#### What to do:
Every entry must be given again exactly. Include no pictures.

BEGIN

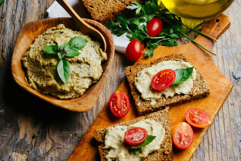 7. Desayuno mediterráneo: Sirve una tabla con panes planos, hummus casero, aceitunas, tomates cherry, pepino en rodajas, queso feta y huevos cocidos. Acompaña con té de menta.
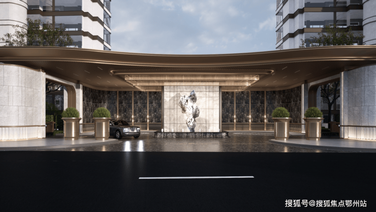 挑高金属雨棚采用极细边,中间凿壁采用透光奢石,搭配极具现代主义的雕塑彰显小区档次,背景墙面采用维多利亚黑大理石,奢华且低调。
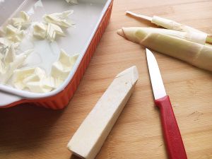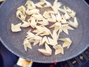 锅里加清水煮沸,放入茭白花瓣煮2分钟。
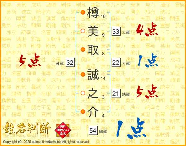 樽(16画)美(9画)取(8画) 誠(14画)之(3画)介(4画)
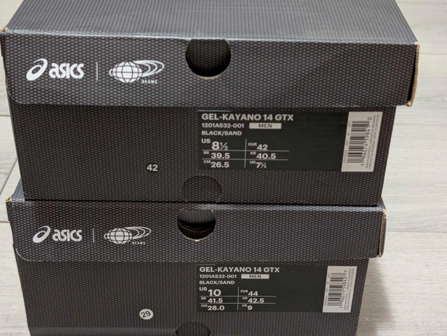 10As the title states, looking to sell another piece from the closet. It is brand new and is 100% authentic. This time around it'll be two pairs of Asics x Beams Gel Kayano 14 GTX's in size 8.5 and 10. My feedback speaks for itself. Pickup is by Mississauga and Steeles or Shelburne depending on time and day. Trades accepted: Pokemon Sealed/Slabs/SIR/SAR *Check other ads for more listings. Bundle deals available
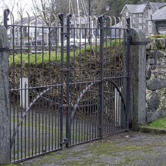 Gates, gate piers and flanking walls at S entrance to church of St John

END

#### Reply to the task:
 7. Desayuno mediterráneo: Sirve una tabla con panes planos, hummus casero, aceitunas, tomates cherry, pepino en rodajas, queso feta y huevos cocidos. Acompaña con té de menta.
 挑高金属雨棚采用极细边,中间凿壁采用透光奢石,搭配极具现代主义的雕塑彰显小区档次,背景墙面采用维多利亚黑大理石,奢华且低调。
 锅里加清水煮沸,放入茭白花瓣煮2分钟。
 樽(16画)美(9画)取(8画) 誠(14画)之(3画)介(4画)
 10As the title states, looking to sell another piece from the closet. It is brand new and is 100% authentic. This time around it'll be two pairs of Asics x Beams Gel Kayano 14 GTX's in size 8.5 and 10. My feedback speaks for itself. Pickup is by Mississauga and Steeles or Shelburne depending on time and day. Trades accepted: Pokemon Sealed/Slabs/SIR/SAR *Check other ads for more listings. Bundle deals available
 Gates, gate piers and flanking walls at S entrance to church of St John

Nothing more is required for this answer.